| Record set |
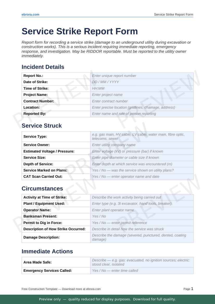 Free Word template: Service Strike Report Form. Download for UK construction sites.
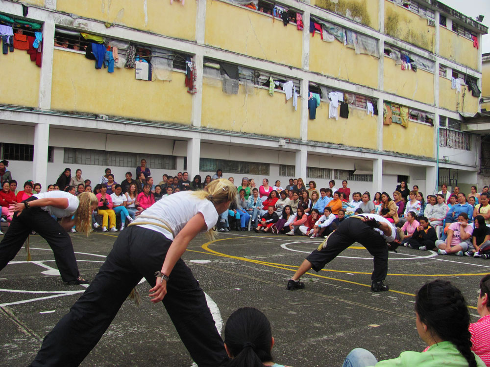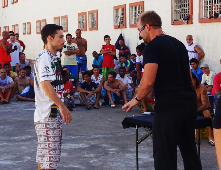At a prison in Uruguay, we were performing in a large field for 800 men. The performance was going good and everyone was into it. Then, in the middle of a Capoeira performances, my brother did a flip and when he landed he tore his achilles tendon. They gave us emergency care there at the prison and then we went to a hospital in Montevideo. The next day we had another performance scheduled at another prison and I invited he stayed to rest, but he wouldn’t hear of it:) So we pushed him in a wheel chair and it meant the world to the guys that he came anyway.
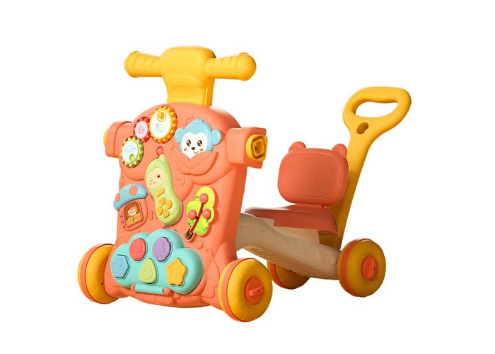 Іграшка швидко трансформується, перетворюючись на бажану модель. Її легко збирати, вона має легку вагу, а колеса каталки обладнані протиковзними кільцями, щоб дитина під час ходьби почувалася максимально впевнено.
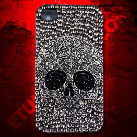 Cette coque pour iPhone 4/4S tête de mort strass est sur fond noir avec des strass et une tête de mort couleur argent en 3D. La coque est rigide et de style gothique. Vous avez accès à toutes les fonctionnalités de votre mobile tout en le protégeant des chutes et des chocs. Chaque coque est unique car les strass sont collés à la main. Vous aussi habillez votre iPhone 4 pour Halloween. |
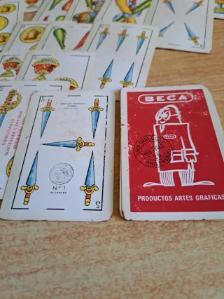 Baraja de cartas española de la marca Beca Artes Gráficas. - Diseño de espadas. - Incluye 40 cartas. - Edición especial aniversario 1955-1980.
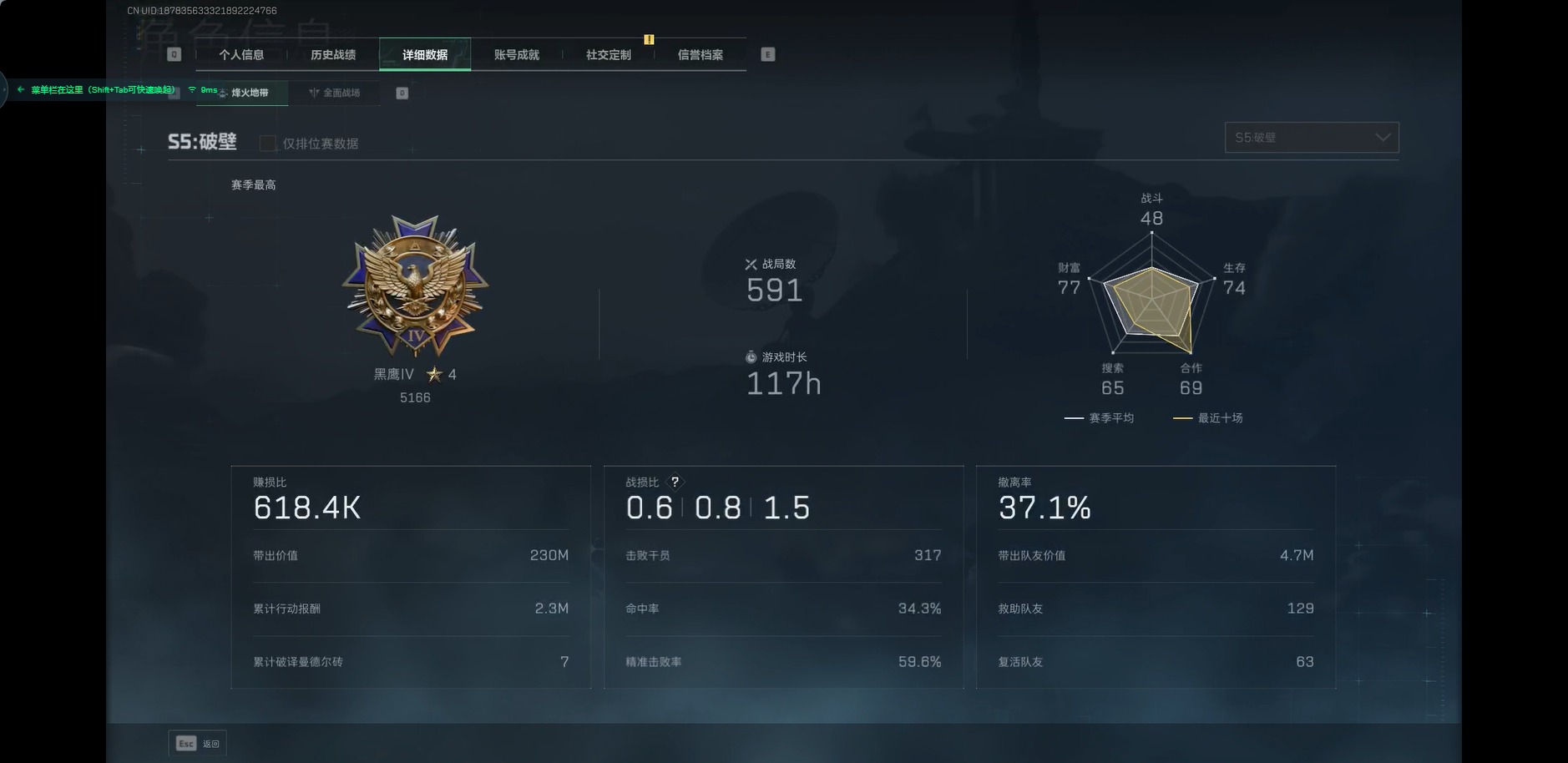 [11604423]总资产:102.1M 11传说枪械 哈夫币:61.758K 进阶安全箱(2×2)9.15号到期 可二次 可修改实名 烽火地带段位:黑鹰 全面战场段位:无段位 传说武器皮肤:SR-25射手步枪-水墨云图,M16A4突击步枪-狩猎时刻,M4A1突击步枪-阿米娅,CAR-15突击步枪-阿米娅,复合弓-黑-天际线,Vector冲锋枪-狩猎时刻,G3战斗步枪-狩猎时刻,AWM狙击步枪-捞点薯条,腾龙突击步枪-捞点薯条,93R-捞点薯条,勇士冲锋枪-能天使-午夜邮差 史诗武器皮肤:M16A4突击步枪-竞赛选手,MP5冲锋枪-深海恐惧,勇士冲锋枪-深海恐惧,SG552突击步枪-深海恐惧,AKM突击步枪-林中猎手,M1014霰弹枪-林中猎手,SV-98狙击步枪-林中猎手,PTR-32突击步枪-英雄,M250通用机枪-囚徒,SCAR-H战斗步枪-囚徒,QBZ95-1突击步枪-曙光,Vector冲锋枪-阿萨拉文明,SVD狙击步枪-阿萨拉工艺
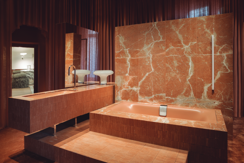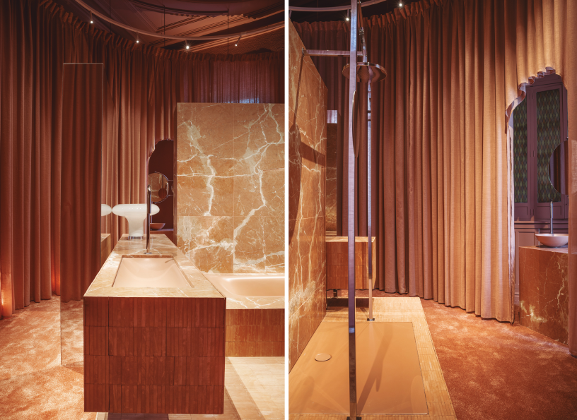 «Fuerza suave» es el Espacio de la firma Kaldewei, un proyecto desarrollado por ILV* Isabel López Vilalta que crea un diálogo de contrastes entre lo femenino y lo industrial. Tonos terracotas, formas delicadas, textiles que representan la feminidad, en contraste con la materialidad industrial aportada por el revestimiento de mármol rojo Levante de Cupa Stone y la cerámica de Cevica.
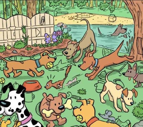 Forestil dig denne scene: En solrig dag i parken. En hel flok hunde, store som små, har fundet sammen i en lysning for at lege. Der er en dalmatiner, en schæfer, en terrier og mange flere. De snuser, hopper og hygger sig. Rundt omkring ligger der grene, blade og andre småting fra naturen. Og et sted i dette myldrende liv er en almindelig husholdningsmagnet faldet på jorden. Dit job er at finde den – og du har kun 12 sekunder til at scanne billedet. Tiden starter nu!
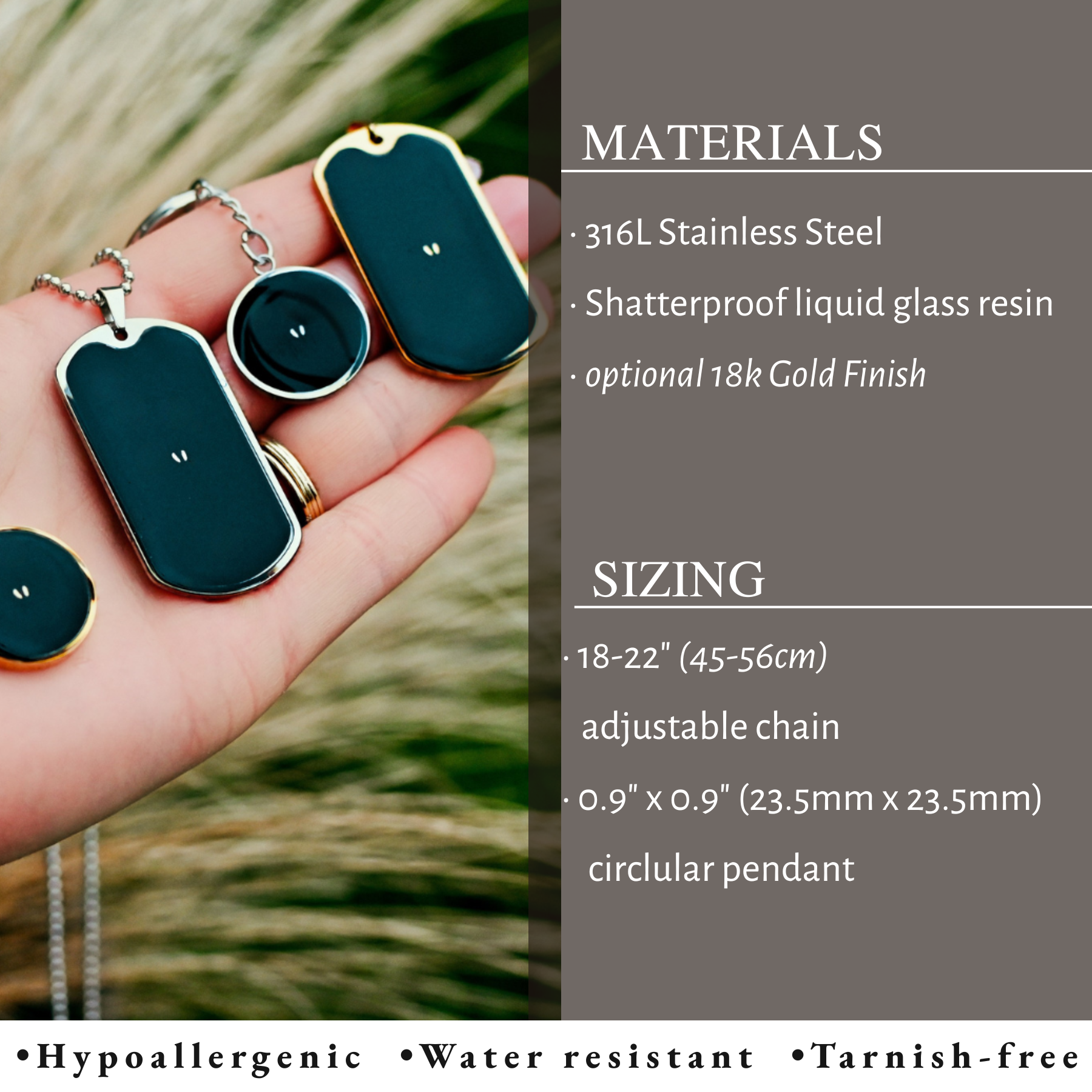 • Dog Tag Pendant: 1.1” x 2" (29mm x 51mm
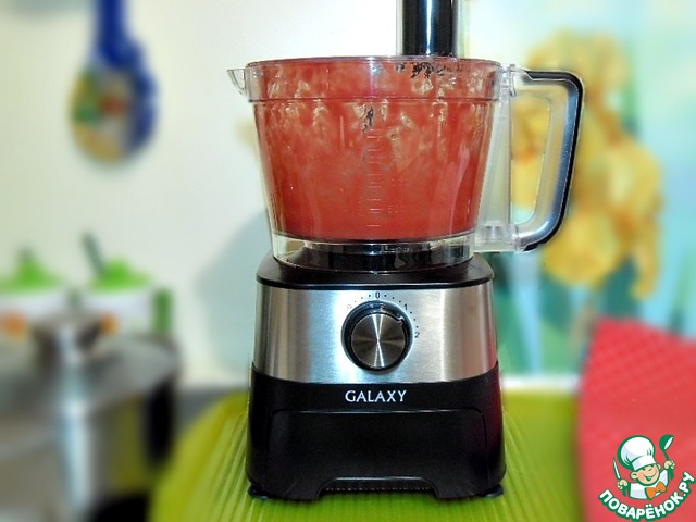 Измельчите помидоры и перец, мне в этом помог кухонный комбайн
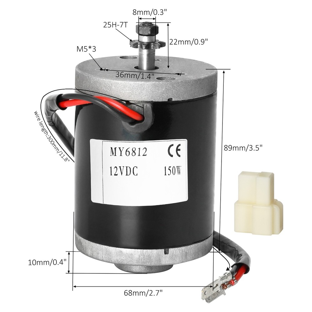 Fitment: Universal Fit F or Electric Scooter ,DIY Electric Bike , Electric Tricycle , Electric Motorcycle , Power Machinery , Etc. Product Specification: Product Type:Brush Motor Condition:100% Brand New & High Quality Main Color:Black Material:Aluminum Alloy Model:MY6812 Voltage:12V Output:150W Motor Sprocket: 25H 7 T Unload Current : ≤1.2/0.6 Unloaded Speed : 3350 RPM Rated Torque : 0.45 N.m Rated Current : ≤14.3/7.15 Efficiency:≥78 Features: v Heat Resistant and Low Noise:Electric brush DC motor with all copper coil,heat resistant,air cooling,low noise and longer life. v Basic Parameters:High speed electric gear motor kit's rated voltage:12V.Rated power:150W with metal pulley,sturdy and . v Aluminum Alloy:The electric scooter brushed motor kit is made of high grade aluminum alloy,high strength,resistant,stable and . v Universal:Electric scooter DC motor kit is suitable for DIY electric bike,electric tricycle,electric motorcycle,power machinery,etc. Packing List: 1 * MY6812 12 V 1 5 0W Brush Motor Note: ü Please check picture s and the size specifications for compatibility before purchasing .Also,please be aware that if an item doesn't fit due to a failure in pre-purchase checking, we are not be able to take responsibility for the return shipping cost. Model is just for reference , not definitely correct. Any question,welcome to contact us . ü If you have any problems with the received items, we kindly request that you reach out to us directly before considering leaving a neutral or negative feedback. We will strive to provide you with the best service. Thank you for your understanding and cooperation.Sincerely.
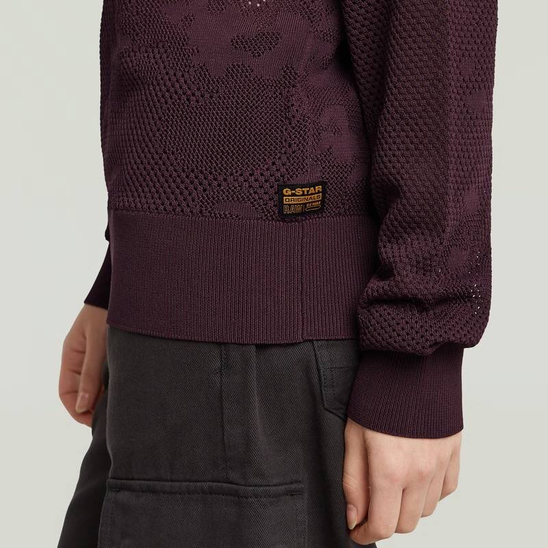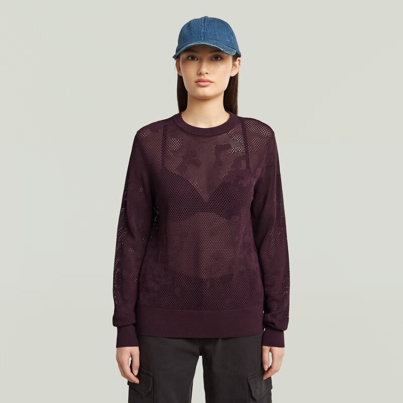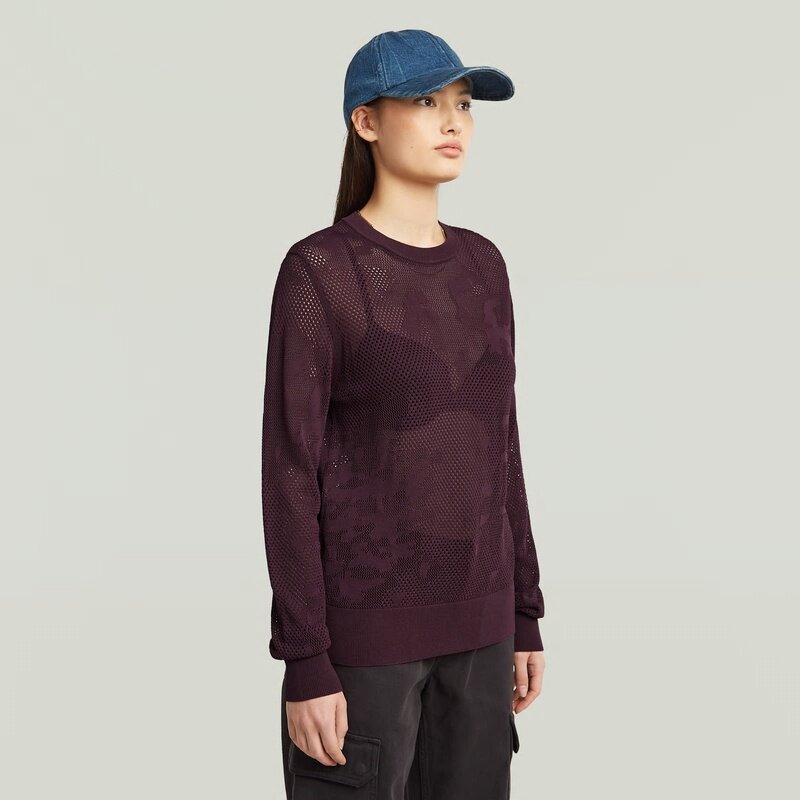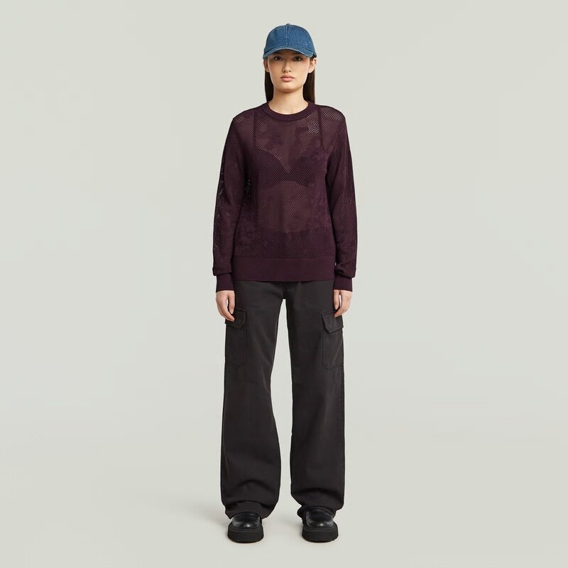 The Pointelle knit pullover features a round neck and long sleeves, offering a regular fit with a cropped length.
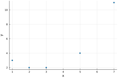 scatter(lx, ly, xlabel="x", ylabel="y", legend=:topleft, label="data")
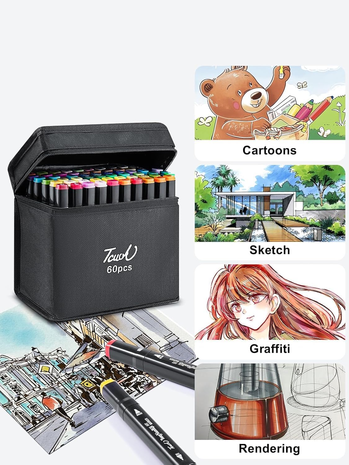 Pack of 60 Colors Alcohol Based Markers

| Task directions |
From the data above, return exactly the lines from the one with "[11604423]总资产:102.1M 11传说枪械 哈夫币:61.758K" up to and including the one with "Измельчите помидоры и". Pictures do not go in the copy.

| Answer for the task |
 [11604423]总资产:102.1M 11传说枪械 哈夫币:61.758K 进阶安全箱(2×2)9.15号到期 可二次 可修改实名 烽火地带段位:黑鹰 全面战场段位:无段位 传说武器皮肤:SR-25射手步枪-水墨云图,M16A4突击步枪-狩猎时刻,M4A1突击步枪-阿米娅,CAR-15突击步枪-阿米娅,复合弓-黑-天际线,Vector冲锋枪-狩猎时刻,G3战斗步枪-狩猎时刻,AWM狙击步枪-捞点薯条,腾龙突击步枪-捞点薯条,93R-捞点薯条,勇士冲锋枪-能天使-午夜邮差 史诗武器皮肤:M16A4突击步枪-竞赛选手,MP5冲锋枪-深海恐惧,勇士冲锋枪-深海恐惧,SG552突击步枪-深海恐惧,AKM突击步枪-林中猎手,M1014霰弹枪-林中猎手,SV-98狙击步枪-林中猎手,PTR-32突击步枪-英雄,M250通用机枪-囚徒,SCAR-H战斗步枪-囚徒,QBZ95-1突击步枪-曙光,Vector冲锋枪-阿萨拉文明,SVD狙击步枪-阿萨拉工艺
 «Fuerza suave» es el Espacio de la firma Kaldewei, un proyecto desarrollado por ILV* Isabel López Vilalta que crea un diálogo de contrastes entre lo femenino y lo industrial. Tonos terracotas, formas delicadas, textiles que representan la feminidad, en contraste con la materialidad industrial aportada por el revestimiento de mármol rojo Levante de Cupa Stone y la cerámica de Cevica.
 Forestil dig denne scene: En solrig dag i parken. En hel flok hunde, store som små, har fundet sammen i en lysning for at lege. Der er en dalmatiner, en schæfer, en terrier og mange flere. De snuser, hopper og hygger sig. Rundt omkring ligger der grene, blade og andre småting fra naturen. Og et sted i dette myldrende liv er en almindelig husholdningsmagnet faldet på jorden. Dit job er at finde den – og du har kun 12 sekunder til at scanne billedet. Tiden starter nu!
 • Dog Tag Pendant: 1.1” x 2" (29mm x 51mm
 Измельчите помидоры и перец, мне в этом помог кухонный комбайн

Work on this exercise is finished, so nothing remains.